Stored data entries
- Opening Delimiter -
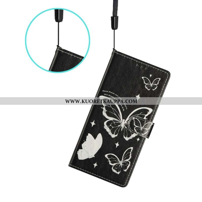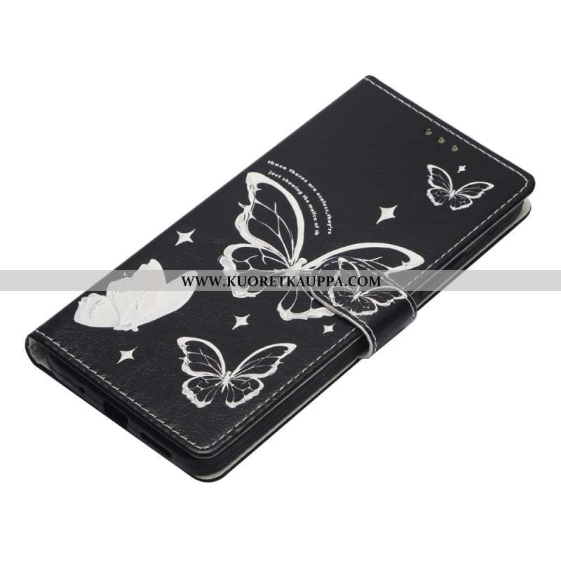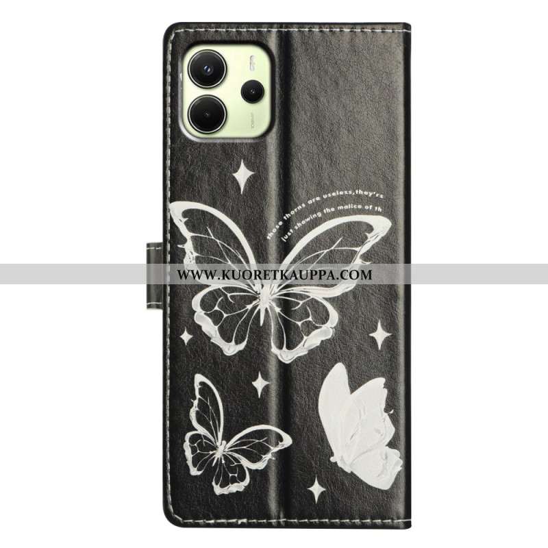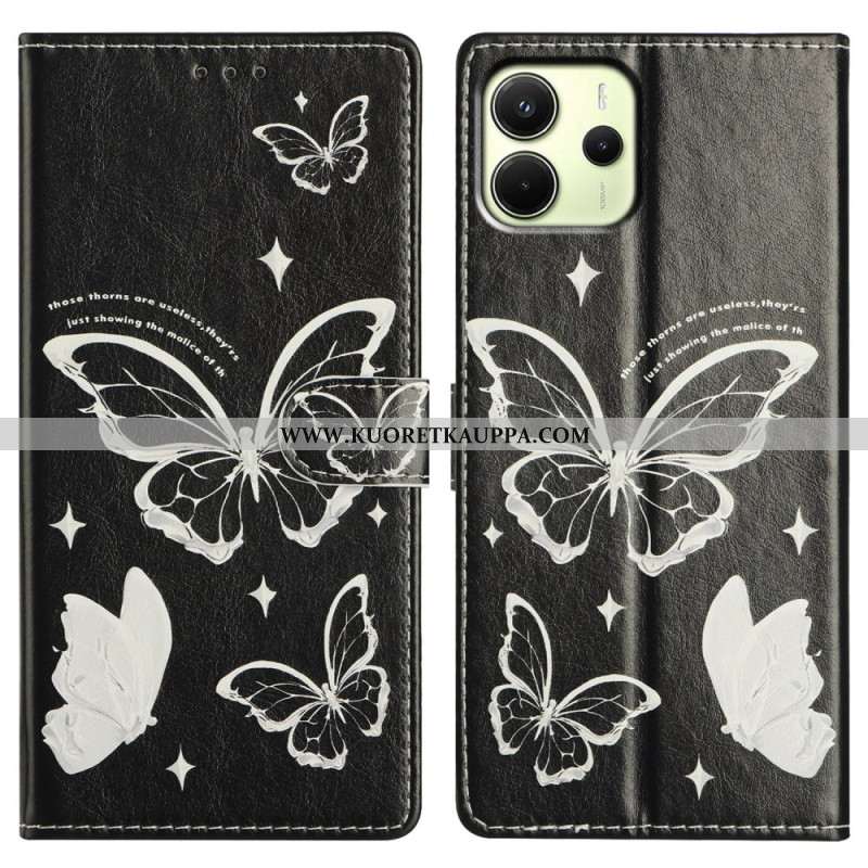 Nahkakotelo Xiaomi Redmi Note 14 4g Mustavalkoisia Perhosia
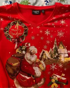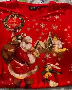 Blusón rojo con pedrería. Es delgado con pedrería y motivos Navideños. Estira y se amolda al cuerpo. Muy lindo
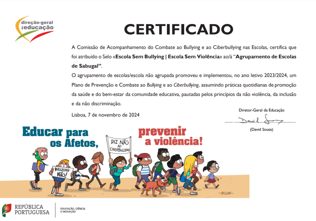 O Agrupamento de Escolas do Sabugal foi uma das escolas distinguidas pela Direção-Geral da Educação com o Selo ‘Escola Sem Bullying | Escola Sem Violência’ 2023/2024.
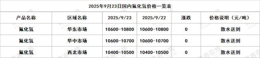 2025年9月23日国内氟化氢价格一览表
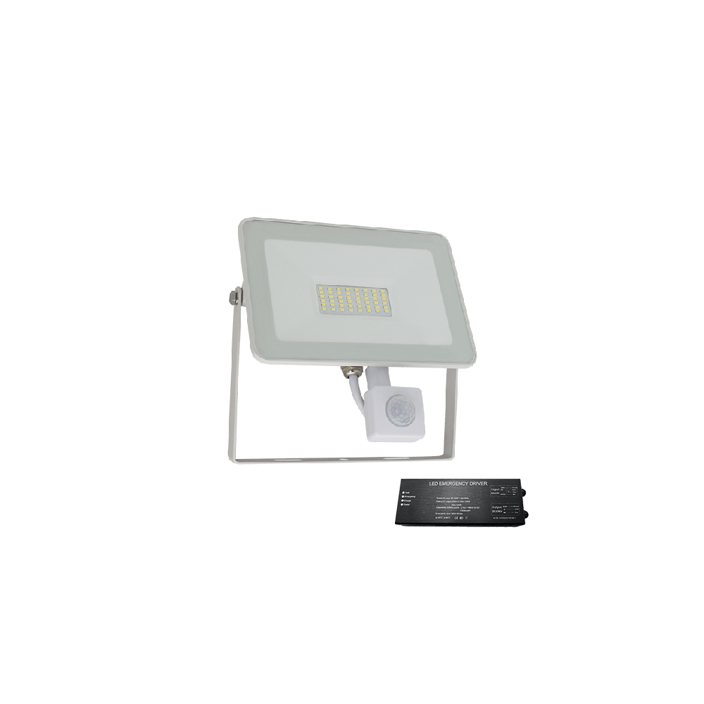 VEGA slim SMD 50W LED floodlight with sensor white+ emergency kit
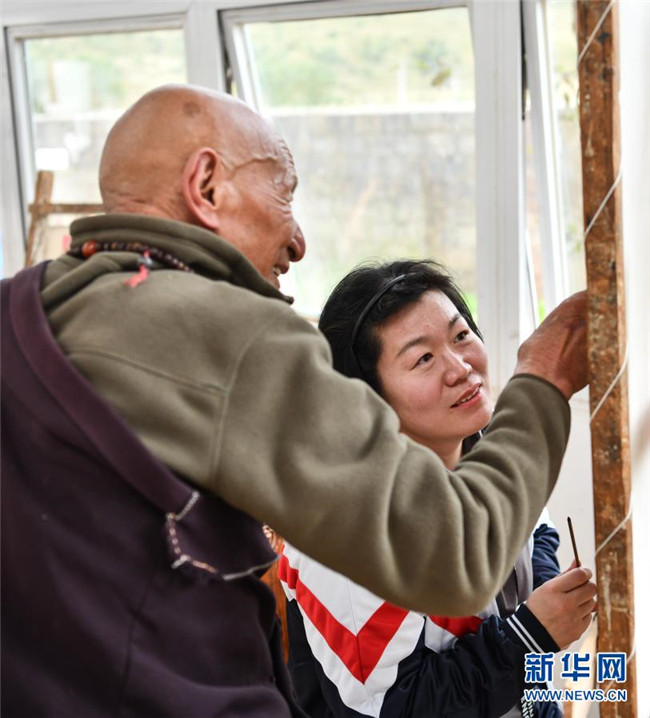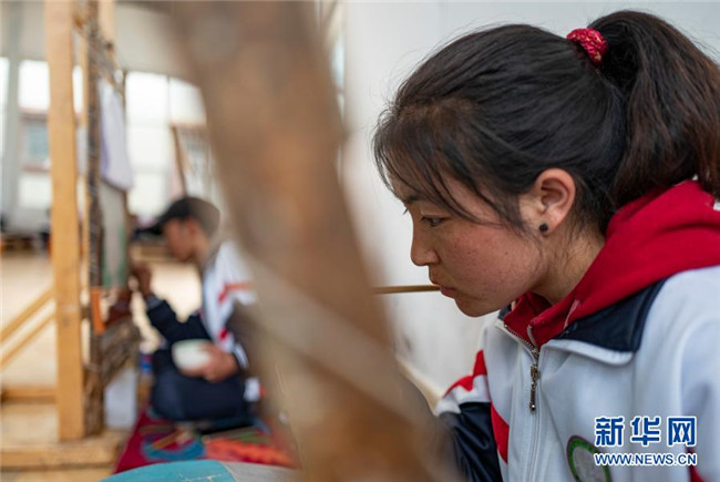 近年來,西藏大力發(fā)展現(xiàn)代職業(yè)教育,為打贏脫貧攻堅戰(zhàn)提供了技能保障。作為非物質(zhì)文化遺產(chǎn)傳承人,88歲的嘎瑪?shù)吕赵诓际锌ㄈ魠^(qū)嘎瑪鄉(xiāng)成立了民族手工藝培訓基地,使民族手工藝從家族作坊式的生產(chǎn)向集中生產(chǎn)轉(zhuǎn)變。精湛的手工藝品逐漸走出了山溝,也帶動群眾走上了致富路。目前,嘎瑪?shù)吕展灿袑W員460名,其中112名曾是建檔立卡貧困戶,去年人均年收入達到20萬元左右。新華社記者 普布扎西 攝
- Closing Delimiter -
**TASK BRIEF:** Transcribe exactly, and only, the lines from the one containing "Blusón rojo con" through the last line of the records above, both included; leave out the pictures.

**OUTPUT BELOW:**
 Blusón rojo con pedrería. Es delgado con pedrería y motivos Navideños. Estira y se amolda al cuerpo. Muy lindo
 O Agrupamento de Escolas do Sabugal foi uma das escolas distinguidas pela Direção-Geral da Educação com o Selo ‘Escola Sem Bullying | Escola Sem Violência’ 2023/2024.
 2025年9月23日国内氟化氢价格一览表
 VEGA slim SMD 50W LED floodlight with sensor white+ emergency kit
 近年來,西藏大力發(fā)展現(xiàn)代職業(yè)教育,為打贏脫貧攻堅戰(zhàn)提供了技能保障。作為非物質(zhì)文化遺產(chǎn)傳承人,88歲的嘎瑪?shù)吕赵诓际锌ㄈ魠^(qū)嘎瑪鄉(xiāng)成立了民族手工藝培訓基地,使民族手工藝從家族作坊式的生產(chǎn)向集中生產(chǎn)轉(zhuǎn)變。精湛的手工藝品逐漸走出了山溝,也帶動群眾走上了致富路。目前,嘎瑪?shù)吕展灿袑W員460名,其中112名曾是建檔立卡貧困戶,去年人均年收入達到20萬元左右。新華社記者 普布扎西 攝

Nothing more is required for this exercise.